“Indeed, mother; well, doubtless if the lady says that, it was so. I took no great note; at the least they ran and she was saved, with the others; a small service not worth mentioning, still useful in its way.”
“Oh! take my chair, Adrian,” said Foy rising, “and don’t make such a stir about a couple of cowardly footpads and an old hag. You don’t want us to think you a hero because you didn’t turn tail and leave Elsa and her companions in their hands, do you?”
“What you think, or do not think, is a matter of indifference to me,” replied Adrian, seating himself with an injured air.
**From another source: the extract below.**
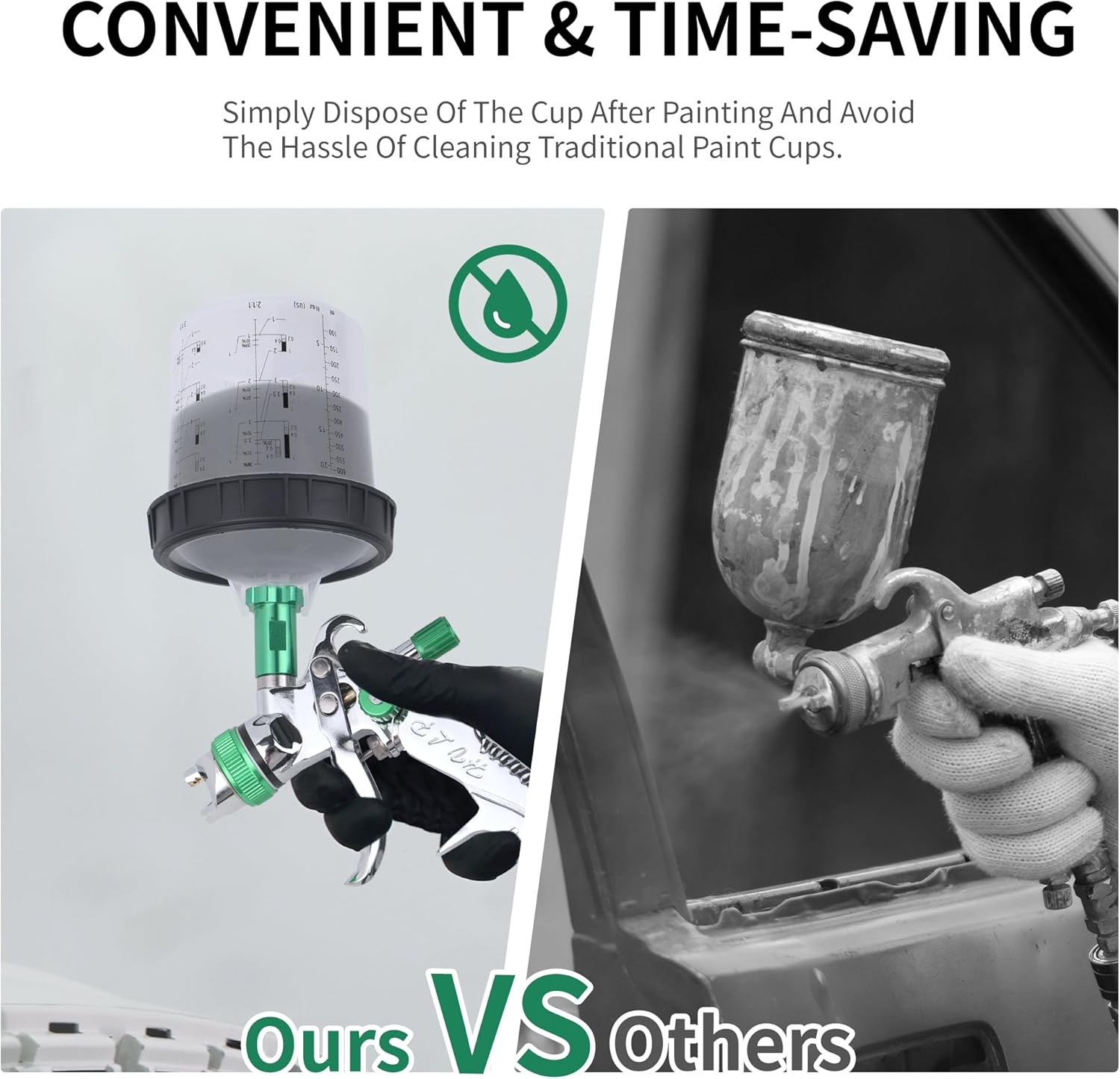 - - Easy to Use: Our disposable paint gun cup set has only three parts, making it very easy to install. With clear graduations and mixing ratios for common paint systems, the liquid level is easy to see, and they are suitable for almost any spray gun.

“Whatever my cousin Foy may think, Heer Adrian,” broke in Elsa anxiously, “I am sure I thank God who sent so brave a gentleman to help us. Yes, yes, I mean it, for it makes me sick to remember what might have happened if you had not rushed at those wicked men like—like——”
“Like David on the Philistines,” suggested Foy.
“You should study your Bible, lad,” put in Arentz with a grave smile. “It was Samson who slew the Philistines; David conquered the giant Goliath, though it is true that he also was a Philistine.”
“Like Samson—I mean David—on Goliath,” continued Elsa confusedly. “Oh! please, cousin Foy, do not laugh; I believe that you would have left me at the mercy of that dreadful man with a flat face and the bald head, who was trying to steal my father’s letter. By the way, cousin Dirk, I have not given it to you yet, but it is quite safe, sewn up in the lining of the saddle, and I was to tell you that you must read it by the old cypher.”
“Man with a flat face,” said Dirk anxiously, as he slit away at the stitches of the saddle to find the letter; “tell me about him. What was he like, and what makes you think he wished to take the paper from you?”
So Elsa described the appearance of the man and of the black-eyed hag, his companion, and repeated also the words that the Heer van Broekhoven had heard the woman utter before the attack took place.
“That sounds like the spy, Hague Simon, him whom they call the Butcher, and his wife, Black Meg,” said Dirk. “Adrian, you must have seen these people, was it they?”
For a moment Adrian considered whether he should tell the truth; then, for certain reasons of his own, decided that he would not. Black Meg, it may be explained, in the intervals of graver business was not averse to serving as an emissary of Venus. In short, she arranged assignations, and Adrian was fond of assignations. Hence his reticence.
“How should I know?” he answered, after a pause; “the place was gloomy, and I have only set eyes upon Hague Simon and his wife about twice in my life.”
“Softly, brother,” said Foy, “and stick to the truth, however gloomy the wood may have been. You know Black Meg pretty well at any rate, for I have often seen you—” and he stopped suddenly, as though sorry that the words had slipped from his tongue.